In short 'unify' is some kind of logical comparison of list terms with logical binding of unbound variable to terms. 'unify' fails or succeeds depending on what you throw at it. It succeeds returning a list of variabe associations or an empty list, and it fails returning 'nil'.



A function is worth a 1000 words, so here is a snippet from the qa-dot file to test unify:

(define (test-unify)
    (and  
        (= (unify 'X 123)
             '((X 123)))
        (= (unify '(Int Flt Str Sym Lst) '(123 4.56 "Hello" s '(a b c)))
             '((Int 123) (Flt 4.56) (Str "Hello") (Sym s) (Lst '(a b c))))
        (= (unify 'A 'A)
             '())
        (= (unify '(A B "hello") '("hi" A Z))
             '((A "hi") (B "hi") (Z "hello")))
        (= (unify '(A B) '(B abc))
             '((A abc) (B abc)))
        (= (unify '(B A)
             '(abc B)) '((B abc) (A abc)))
        (= (unify '(A A C D)
             '(B C 1 C)) '((B 1) (A 1) (C 1) (D 1)))
        (= (unify '(D C A A) '(C 1 C B))
             '((D 1) (C 1) (B 1) (A 1)))
        (= (unify '(f A) '(f (a b c)))
             '((A (a b c))))
        (= (unify '(A f) '((a b c) f))
             '((A (a b c))))
        (= (unify '(f (g A)) '(f B))
             '((B (g A))))
        (= (unify '(p X Y a) '(p Y X X))
             '((Y a) (X a)))
        (= (unify '(p X Y) '(p Y X))
             '((Y X)))
        (= (unify '(q (p X Y) (p Y X))
             '(q Z Z)) '((Y X) (Z (p X X))))
        (= (unify '(f (g A) A) '(f B xyz))
             '((B (g xyz)) (A xyz)))
        (= (unify '(A (g abc)) '(B A))
             '((B (g abc)) (A (g abc))))
        ;; with additional environment list
        (= (unify '(A (B) X) '(A (A) Z) '((A 1) (Z 4)))
            ' ((A 1) (Z 4) (B 1) (X 4)))




'unify' takes 2 or (plus an optional environment list) terms and retuns an association list. From a logical point of view unification happens with all terms in parallel. Variables (in uppercase) are not actually bound (like with set) but a special form of 'expand' taking an association list of variables can be used to accomplish this.

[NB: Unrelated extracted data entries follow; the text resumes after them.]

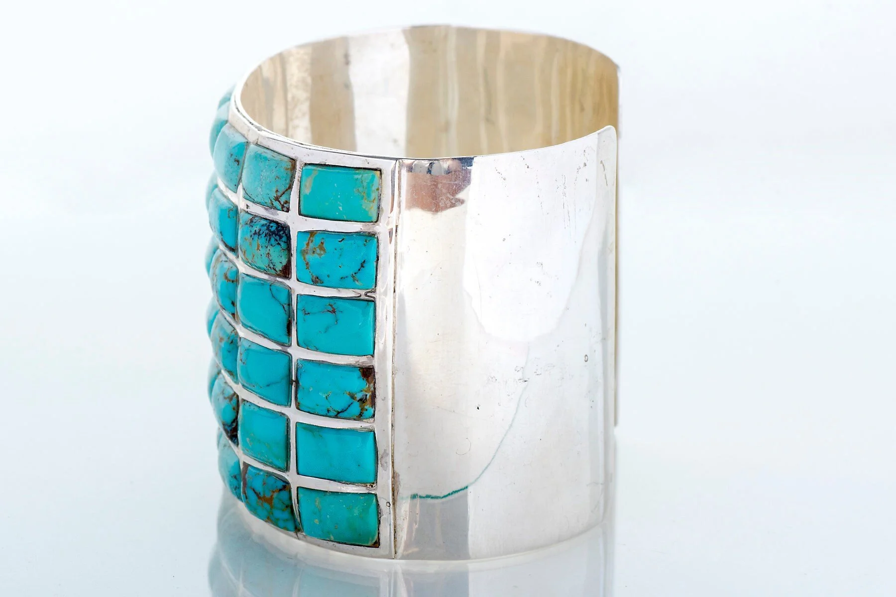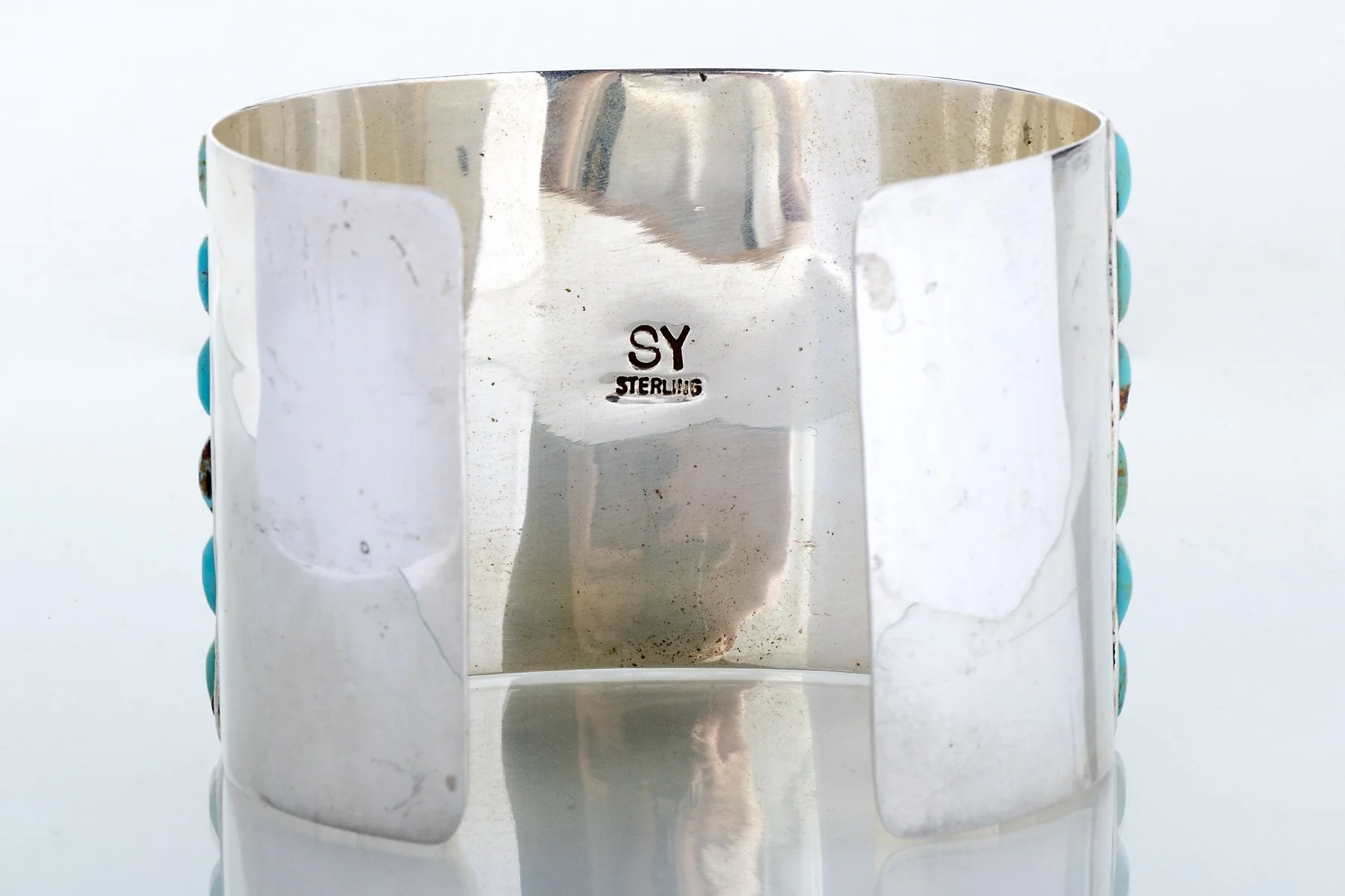 Vintage Bracelet - Vintage Navajo Sterling Silver and Turquoise Cuff - Sally Yazzie Sterling Silver Turquoise Inner circumference measures approximately 6.0 inches from end to end plus a 1.25 inch gap for a total of 7.25 inches. Cuff measures approximately 2.0 inches wide.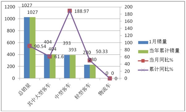 1、 宇通客车1月客车销量同比增长23.24%,其中大型客车同比增幅为0.19%,是大中轻客车细分市场中增幅最小的车型。中型客车和轻型客车同比增幅均超过4成,分别为43.91%和 49.1%。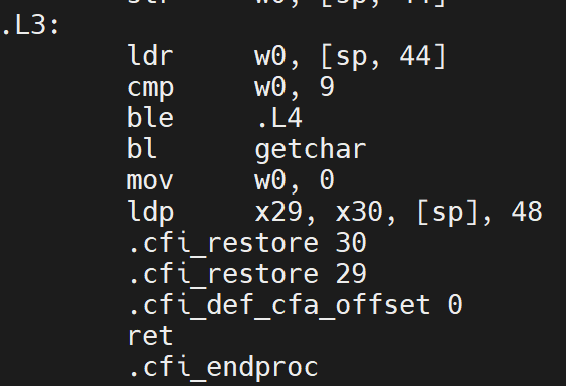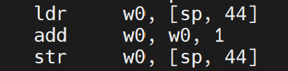 完成循环后,程序将从L3的判定中退回上级,此时更新i的值,ldr w0, [sp, 44]重新加载循环变量i,add令i++,str w0, [sp, 44]将i存回栈偏移 44 字节处

'unify' is useful to write logic programming algorithms, i.e. in AI Artificial Intelligence apps. A typical application would be Expert Systems or any knowledge based system where knowledge can be encoded in logical rules.



The release 8.9.0 out in June will contain a small implementation of a PROLOG like language using 'unify' and 'expand'. This Prolog context will be useful to write rule based systems.



Lutz

noah

#8
Hello.



Lutz, thanks for your input on unify. It's very interesting, and your mini-prolog language will be a great educational tool for me.



DMI, your code is very interesting. I'm not spending much time on my newlispzation of xpath, but your code might be helpful there. I'm still very new at lisp, and I'm also quite busy, but when I have some substantial application of the great code everyone posts here, I'll be sure to post it.



-Noah

rickyboy

#9
Unify does rock -- even more so will an embedded Prolog in newLISP.  NNYC* Alex Burger has an embedded Prolog in his http://software-lab.de/down.html">Pico Lisp, which makes it very powerful.  A favorite application of his is combining Pilog queries with his persistent object mechanism to produce some very powerful DB queries.  See http://software-lab.de/tut.html#pilog">this for examples.



______

* NNYC = Not Necessarily Your Competitor  :-)
(λx. x x) (λx. x x)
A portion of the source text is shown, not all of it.